Example Configurations

Calm, professional assistant (ChatterBox):

localtalk --use-chatterbox --exaggeration 0.3 --cfg-weight 0.7 --temperature 0.5

Expressive, dynamic assistant (ChatterBox):

localtalk --use-chatterbox --exaggeration 0.8 --cfg-weight 0.3 --temperature 0.9

Using a different model:

localtalk --model mlx-community/Llama-3.2-3B-Instruct-4bit --whisper-model small.en

Secrets and API Keys

Good news! This application requires NO API keys or secrets to run.

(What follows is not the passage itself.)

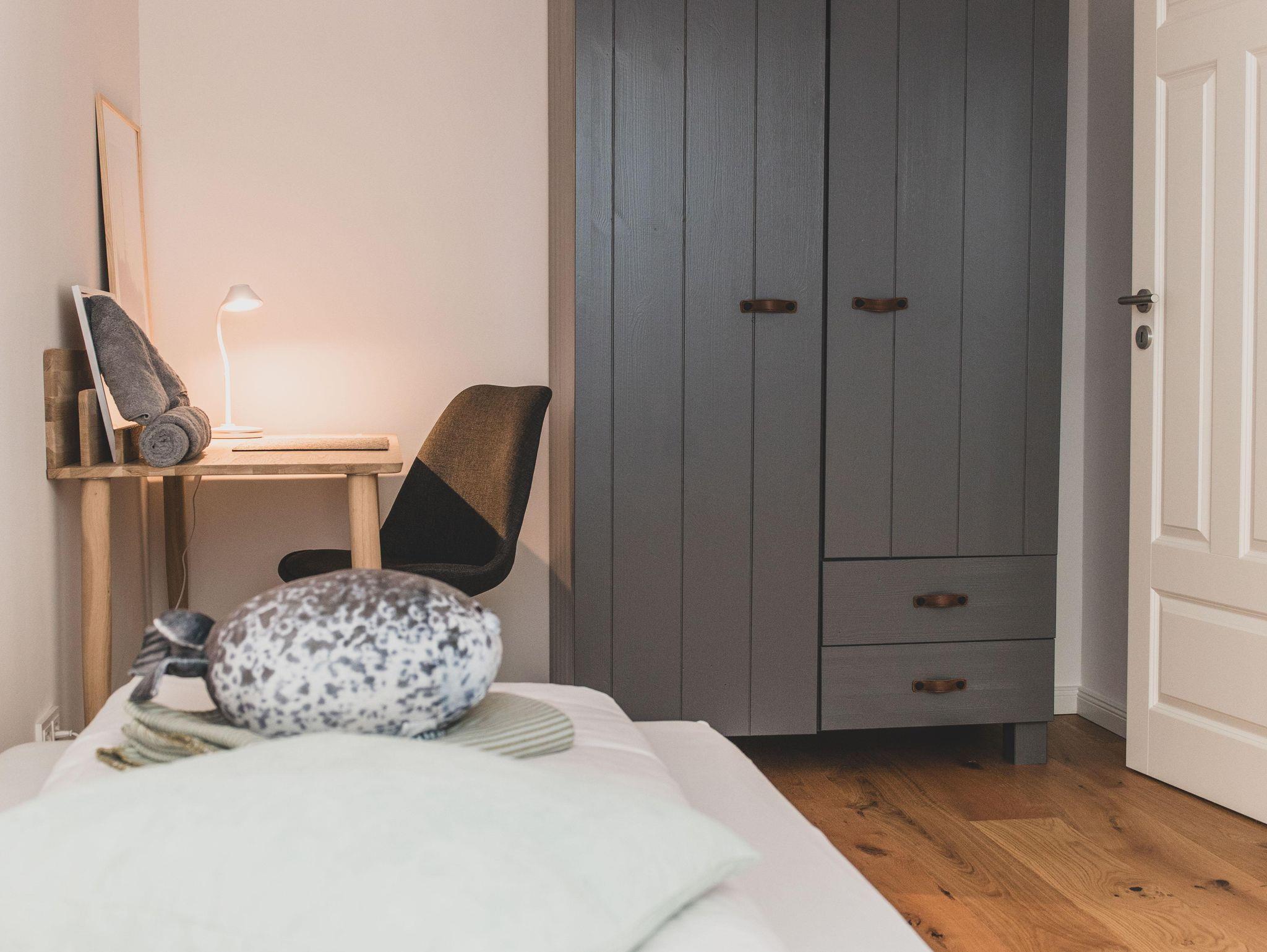 Ein großer Kleiderschrank bietet ausreichend Stauraum.

Everything runs locally on your Mac!

  • Whisper: Runs locally, no API key needed
  • MLX-LM: Runs locally on Apple Silicon, no API key needed
  • ChatterBox: Runs locally, no API key needed

Advanced Usage

Programmatic Usage

You can also use the voice assistant programmatically:

from localtalk import VoiceAssistant, AppConfig

# Create custom configuration
config = AppConfig()
config.mlx_lm.model = "mlx-community/Llama-3.2-3B-Instruct-4bit"
config.chatterbox.exaggeration = 0.7

# Create and run assistant
assistant = VoiceAssistant(config)
assistant.run()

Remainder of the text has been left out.